■ Task statement: Only one stretch of the material below is wanted: everything from the line containing "왼쪽 기준 3번 2번치고" down to the line containing "shown from the", both ends included. Repeat it exactly and skip the pictures.

■ Excerpted records:
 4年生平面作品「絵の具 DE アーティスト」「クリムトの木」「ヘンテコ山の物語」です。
* * *
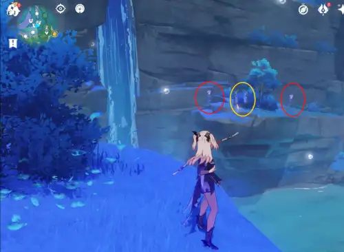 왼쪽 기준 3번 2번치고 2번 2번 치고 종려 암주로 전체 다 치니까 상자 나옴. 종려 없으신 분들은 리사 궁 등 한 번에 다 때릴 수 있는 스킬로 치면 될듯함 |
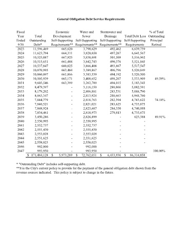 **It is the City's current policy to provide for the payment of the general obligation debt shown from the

■ Result of the exercise:
 왼쪽 기준 3번 2번치고 2번 2번 치고 종려 암주로 전체 다 치니까 상자 나옴. 종려 없으신 분들은 리사 궁 등 한 번에 다 때릴 수 있는 스킬로 치면 될듯함 |
 **It is the City's current policy to provide for the payment of the general obligation debt shown from the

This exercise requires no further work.